This deceptively ordinary looking Italian ring-shaped tea cake is a moist and flavorful anytime cake. Enjoy it for breakfast with a cup of coffee or tea or when you have company. Skip the glaze and simply sift a tablespoon of icing sugar over the cake for an even simpler treat.
The Cake 🎥
YOU WILL NEED
VANILLA CAKE MIX
WET INGREDIENTS
3 large eggs (about 189g, weighed with shell)
¾ cup mild extra-virgin olive oil (150g)
1 cup mascarpone cheese (8oz, 226g)
¼ cup juice and zest from two lemons (60g)
INSTRUCTIONS
- Preheat oven to 325°F. Grease a 9 or 10-inch tube pan and line the bottom with parchment paper.
- In a separate bowl, beat eggs at high speed for 3-5 minutes until light and fluffy. With the mixer still running, gradually add the olive oil in a thin drizzle and beat until thick and creamy.
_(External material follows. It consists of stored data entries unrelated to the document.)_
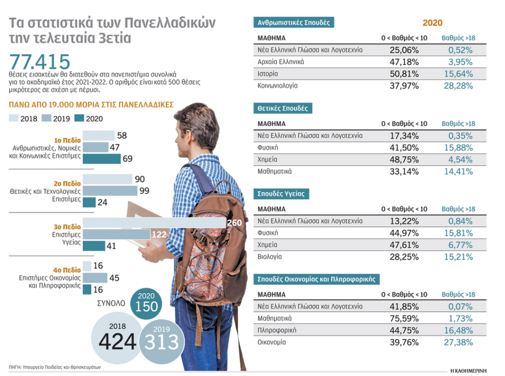 Το 2020, άλλωστε, υπήρξε σε σχέση με το 2019 σημαντική μείωση των εισακτέων στο ανώτατο βαθμολογικό σκαλί, δηλαδή εκείνων που είχαν συγκεντρώσει πάνω από 19.000 μονάδες. Το 2020 στο 2ο επιστημονικό πεδίο ξεπέρασαν το όριο των 19.000 μονάδων 24 υποψήφιοι έναντι 99 το 2019, στο 3ο πεδίο 41 υποψήφιοι έναντι 122 το 2019 και στο 4ο πεδίο 16 υποψήφιοι από 45 το 2019. Μόνο στο 1ο πεδίο οι υποψήφιοι με πάνω από 19.000 μονάδες το 2020 ήταν λίγο περισσότεροι από το 2019 (69 έναντι 47). Τα στοιχεία αυτά συνεκτιμώμενα με τον φετινό βαθμό δυσκολίας των θεμάτων διαμορφώνουν τις προβλέψεις για την τάση των βάσεων.
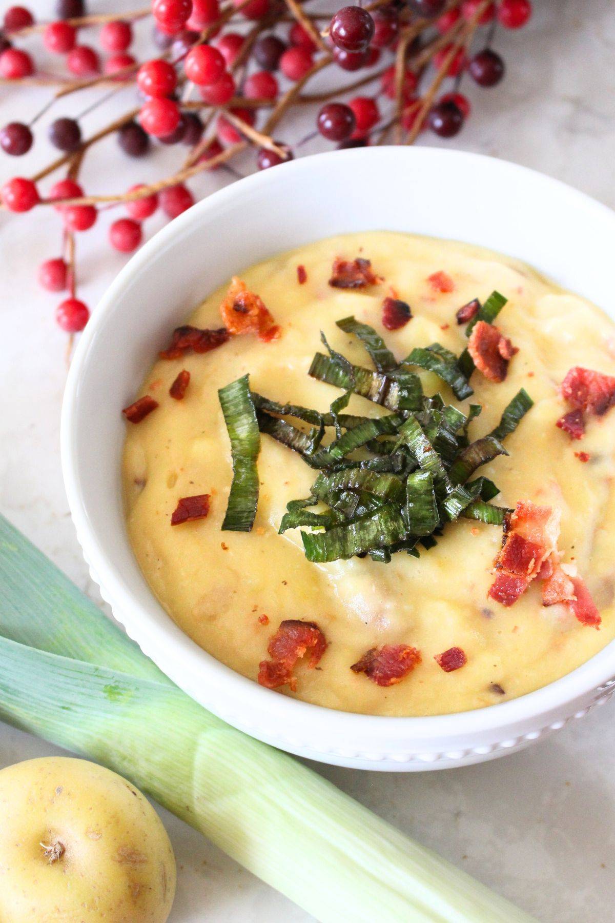 Thick and creamy, this classic Potato Leek Soup is full of the rich flavors of potatoes, leeks, bacon, and chicken stock. Blended to perfection, this dish is best served with a side of crusty bread topped with a thick layer of butter. While the weather is technically warming up here already (though, as I write this, it's actually pretty chilly), I'm doing all I can to cling to the cool-weather mentality. I'm not quite ready for temps in the 90's yet! So, in an effort to enjoy the last moments of winter (and really spring), I decided to share this classic potato leek soup recipe! Maybe you are in an area that stays cold/cool for longer. But either way, I hope you love this recipe as much as we do! Here are some of our favorite things about this potato leek soup:
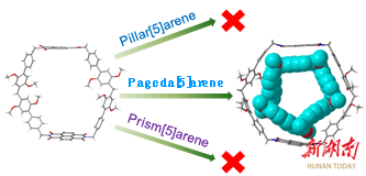 最近,团队成员通过延长侧链长度的策略,合成了巨大空腔尺寸的萘酰亚胺拓展柱[6]芳烃。研究发现该合成大环的空腔宽为18.769 Å,高为17.109 Å,可以选择性识别塔[5]芳烃,并在电子激发和电荷的流动领域具有潜在的应用。该研究获得了国家自然科学基金、湖南省自然科学基金,湖南省化学工程与技术应用特色学科等经费支持。
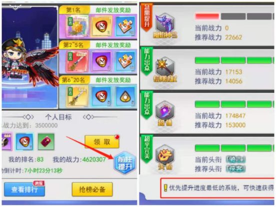 每天的排行榜里都会有一个前往提升,但是战力榜不同的是,他是需要提升所有能提升战力的地方都要提升,其实前八天能提升战力的地方是很多的,我下面要一步步来说了。
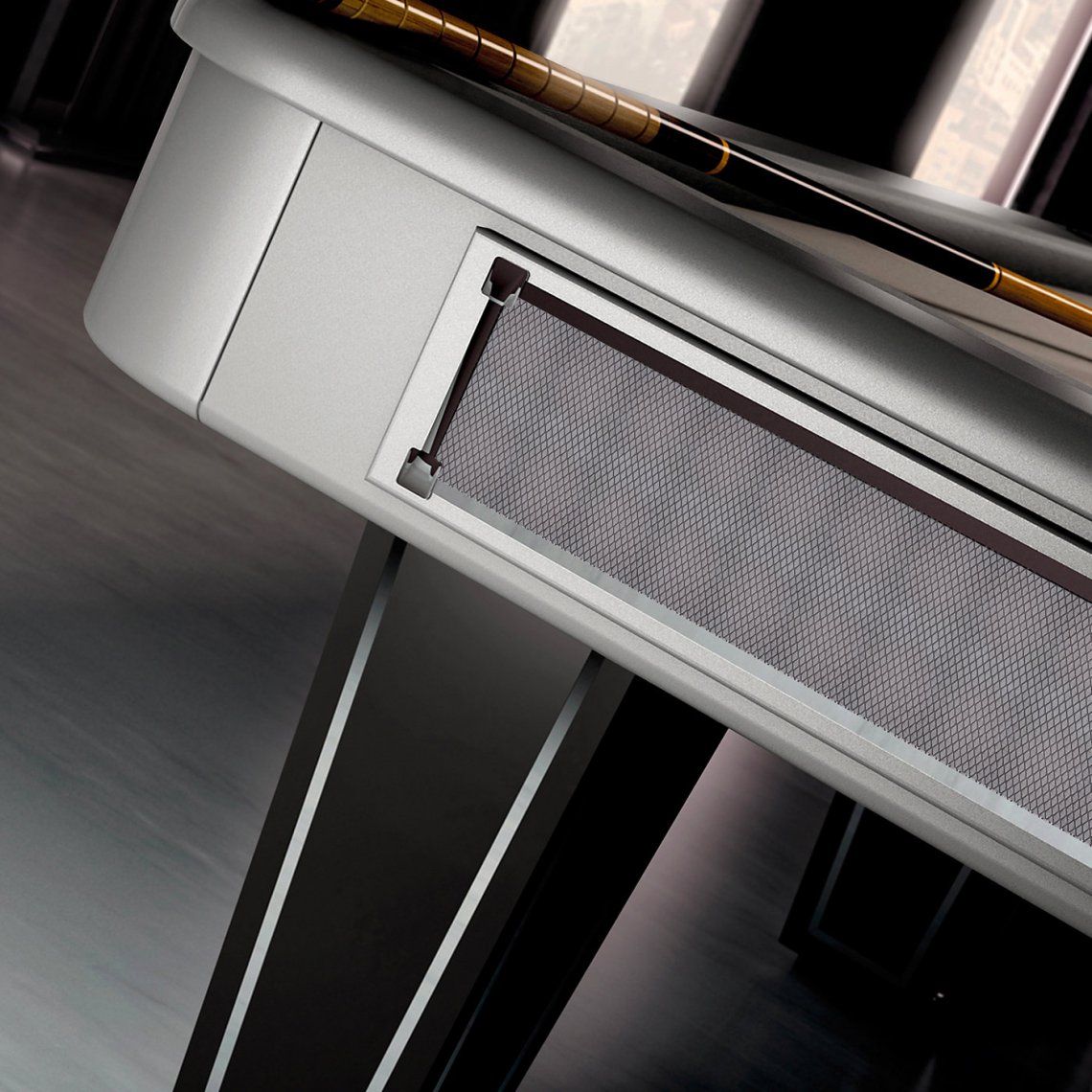 Add futuristic appeal to your game room with the Alu pool table. Crafted in solid wood and varnished in metallic silver and glossy black, the table is topped with a solid slate playing surface and gray fabric from industry leader Simonis. The table is then accented with leather pockets and polish steel profiles for a luxurious touch.
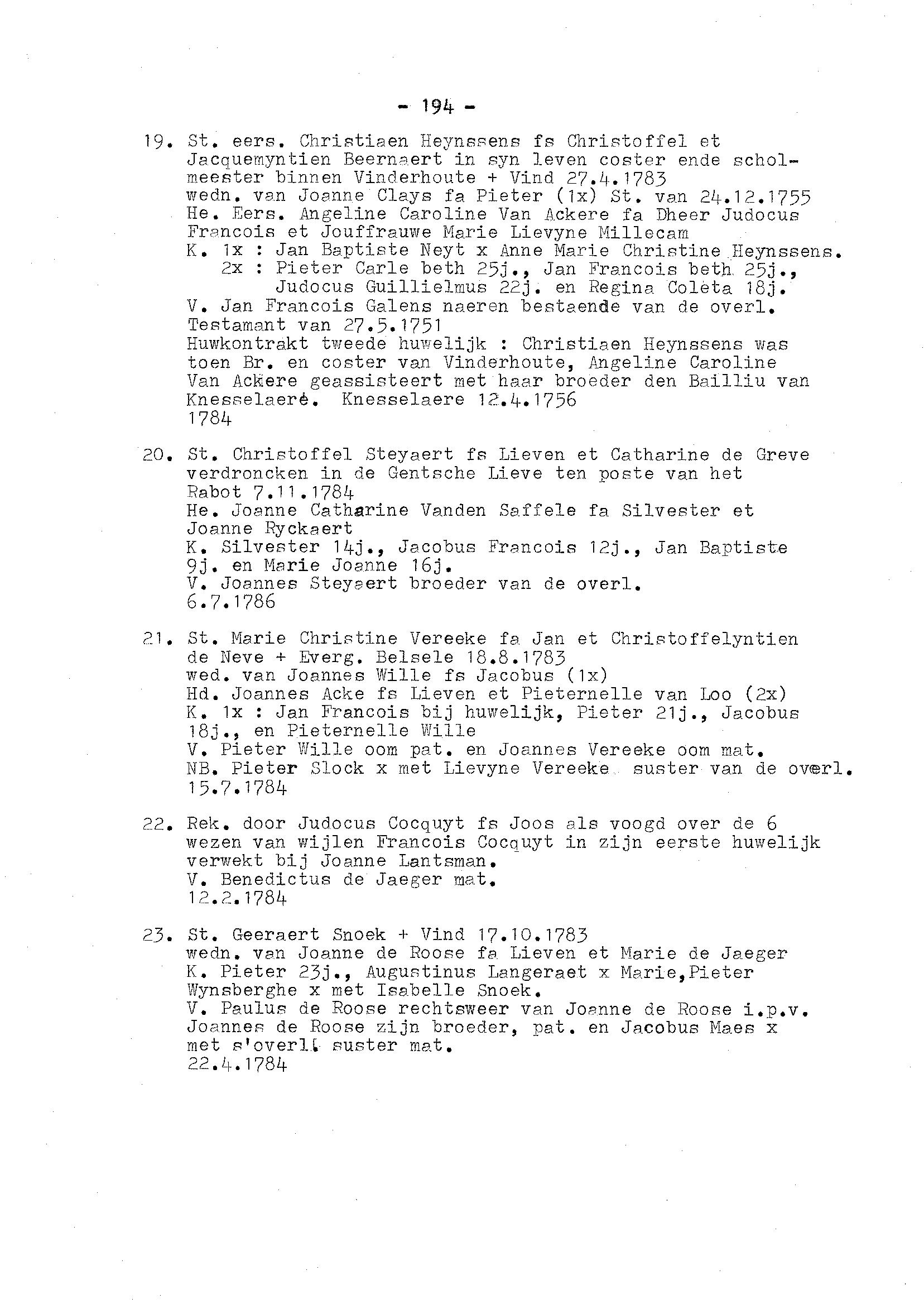 SvG uit het Meetjesland - Vinderhoute 1734-1795
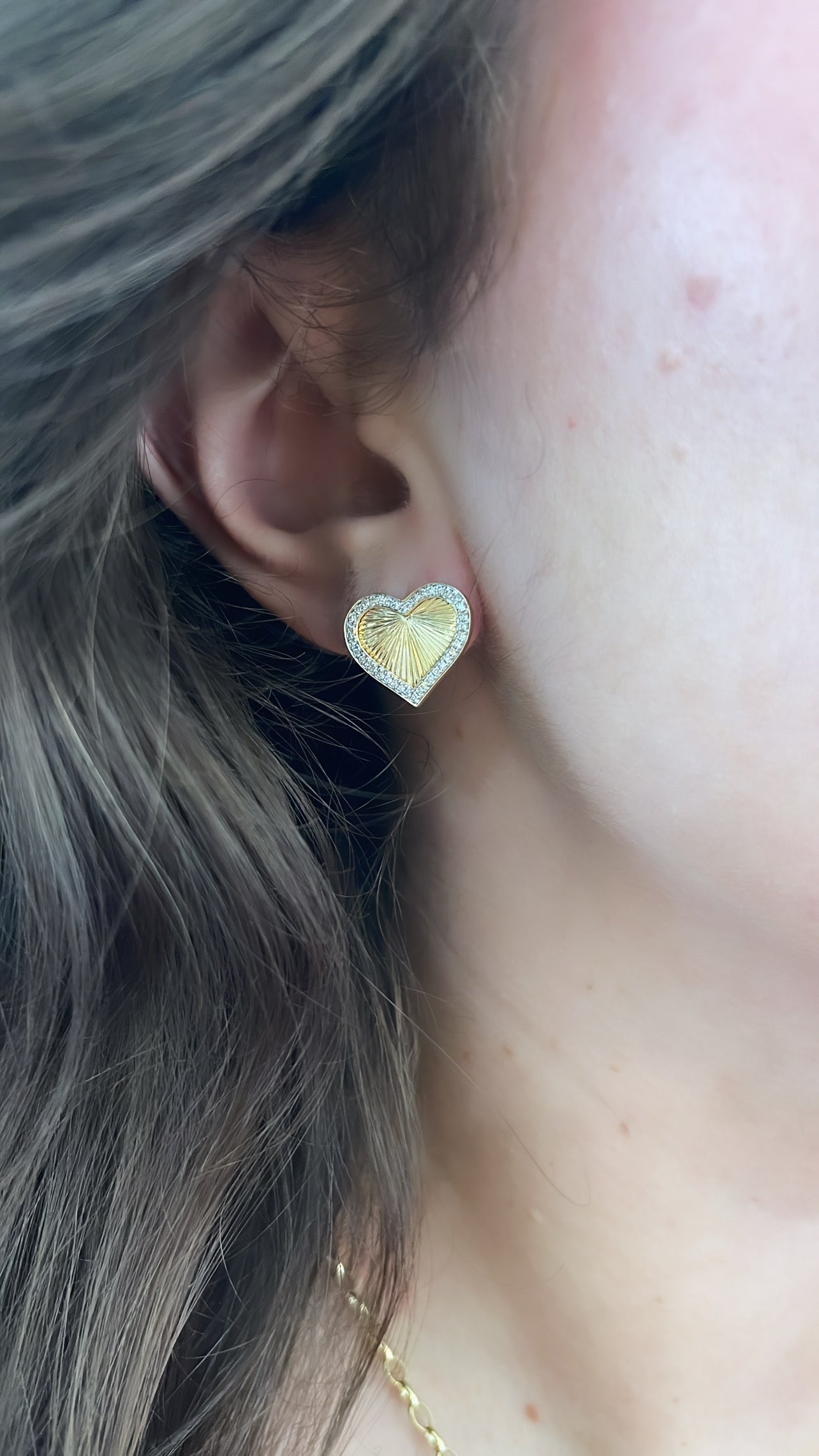The Fluted Diamond Heart Stud is available in 14K yellow gold with a total diamond carat weight of 0.35.
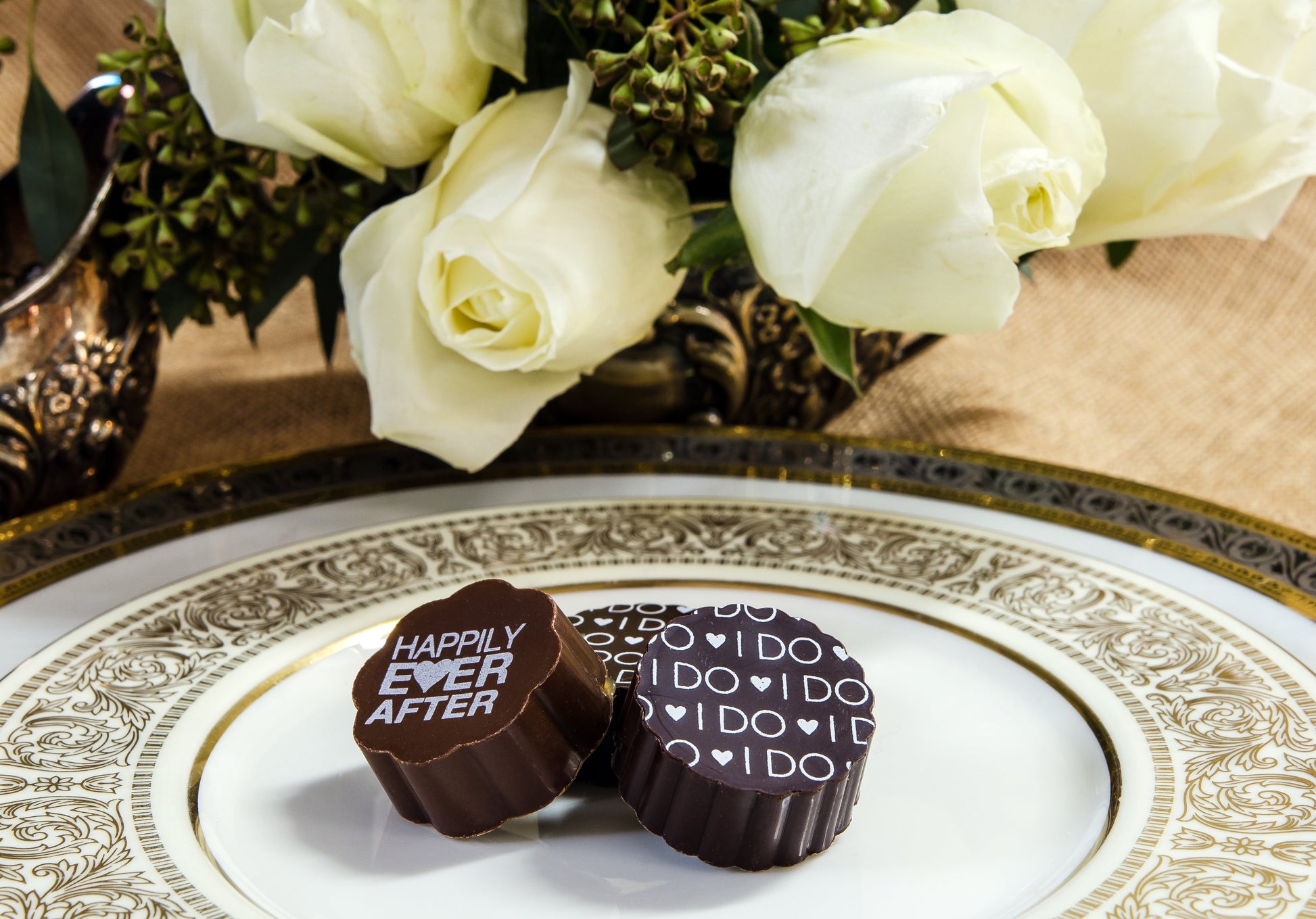 Happily Ever After and ‘I do I do’ - mix of milk and dark chocolate filled with our best-selling vanilla sea salt caramel - ask us about custom designs and flavors.
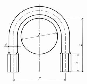 ・U字形状のボルトで締めつけます。パイプの寸法に合わせて各サイズが有ります。一般的に転造径で、ステンレス鋼(SUS304)なので耐食性、耐熱性に優れています。
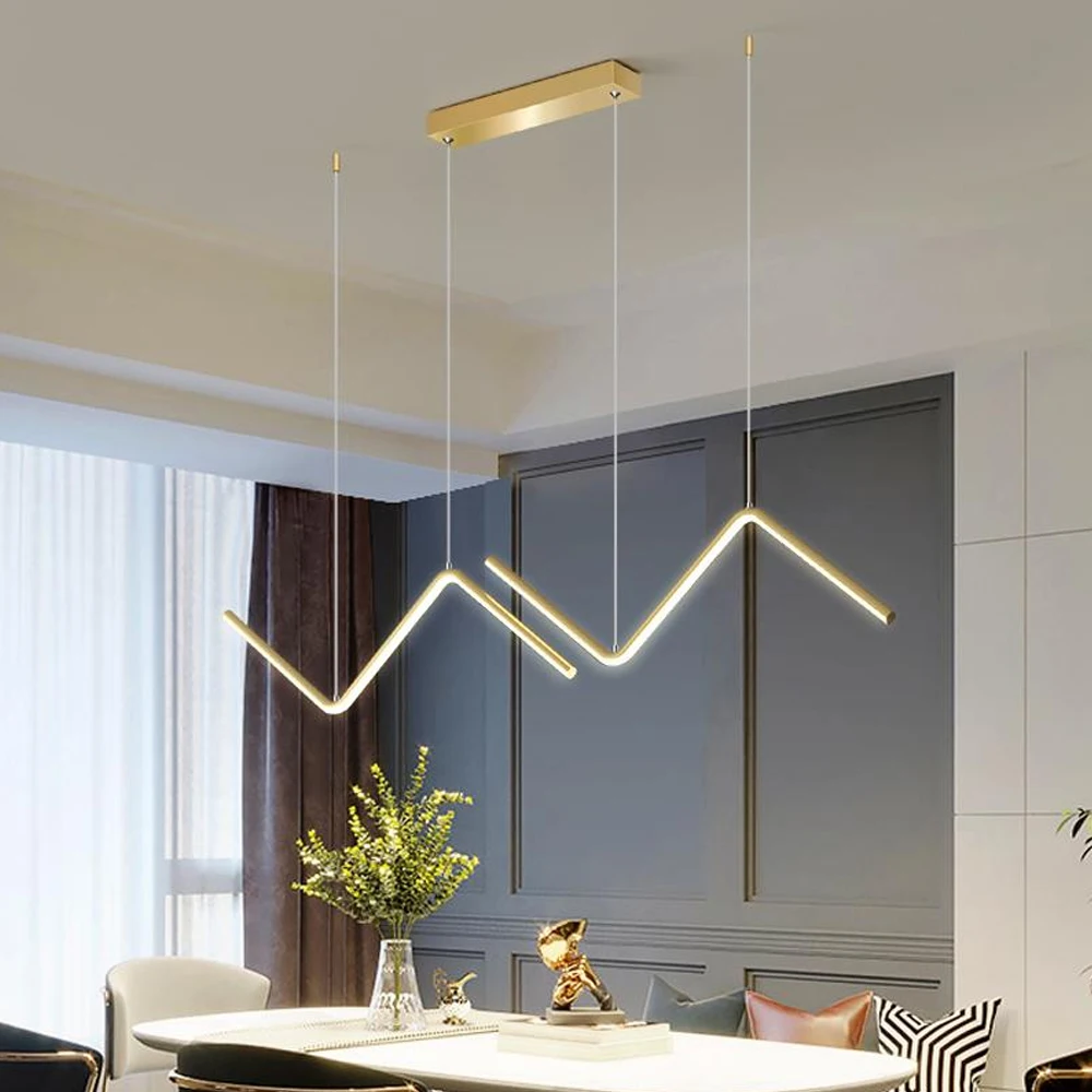 SANDIY современные светодиодные длинные подвесные светильники для обеденного стола минималистичный подвесной светильник Лофт стиль простые люстры домашний декор Блеск
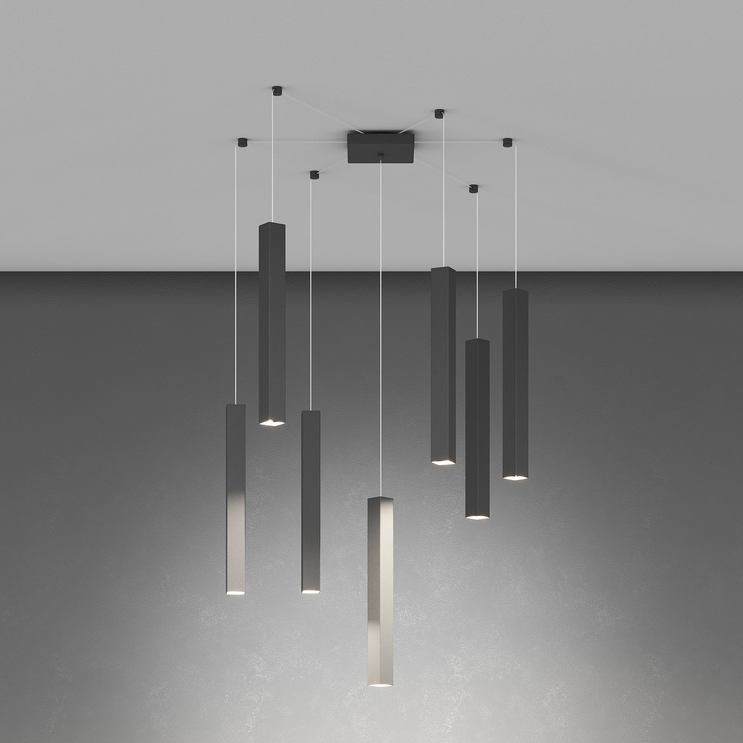 Sospensione Moderna Square Tube Metallo Antracite 7 Luci Gu10
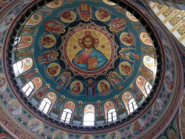 - высокий синий купол (диаметр – 18 м), украшенный православным крестом;
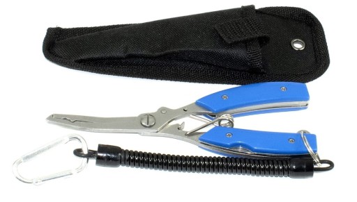 Wielofunkcyjne szczypce wędkarskie za pomocą których możemy przeciąć żyłkę/plecionkę/wolfram. Dodatkowo szczypce posiadają funkcję do zacisku śrutu wędkarskiego oraz końcówkę do rozginania kółek łącznikowych.
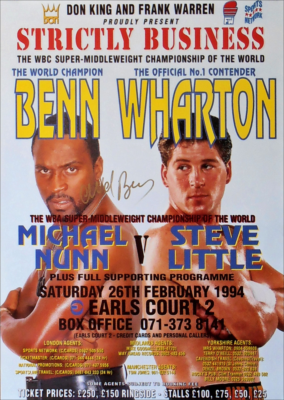 This original promotional boxing poster was signed by WBO/WBC two weight champion Nigel Benn. Lifetime LOA supplied by KOfightposters.com
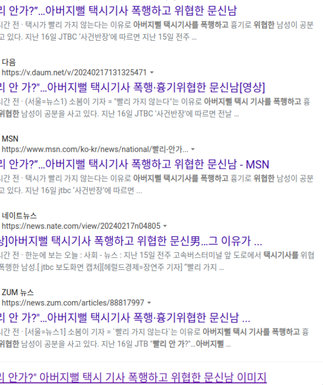 “빨리 안가?”…아버지뻘 택시기사 폭행하고 위협한 문신남 News2024. 2. 17. 17:53
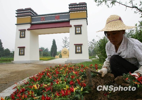 9月2日,一名工作人员正在花博会室外展区中的西藏展区前施工,第七届中国花卉博览会将于9月26日至10月5日在北京顺义举行。中新社发 富田 摄
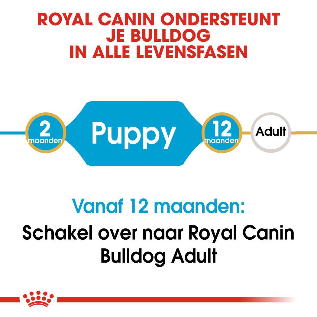 Royal Canin Bulldog Puppy is een rasspecifieke voeding speciaal afgestemd op de behoeften van Engelse bulldogpups tot 12 maanden oud.

- Add the mascarpone cheese and beat first on low and then increase to medium-high speed until smooth, about one minute, scraping sides down from time to time.
- Add the lemon juice, zest and vanilla cake mix and mix on low until well combined.
- Pour batter into prepared pan and bake for 50-55 minutes until toothpick inserted in center comes out clean or with a few moist crumbs. Cool in baking pan for 5-10 minutes before unmolding.
The Glaze
YOU WILL NEED
INGREDIENTS
1 cup powdered sugar (113g)
1 tablespoon lemon juice
1 tablespoon milk
INSTRUCTIONS
- Mix powdered sugar, lemon juice and milk until smooth.
- Drizzle or pour glaze over cooled cake.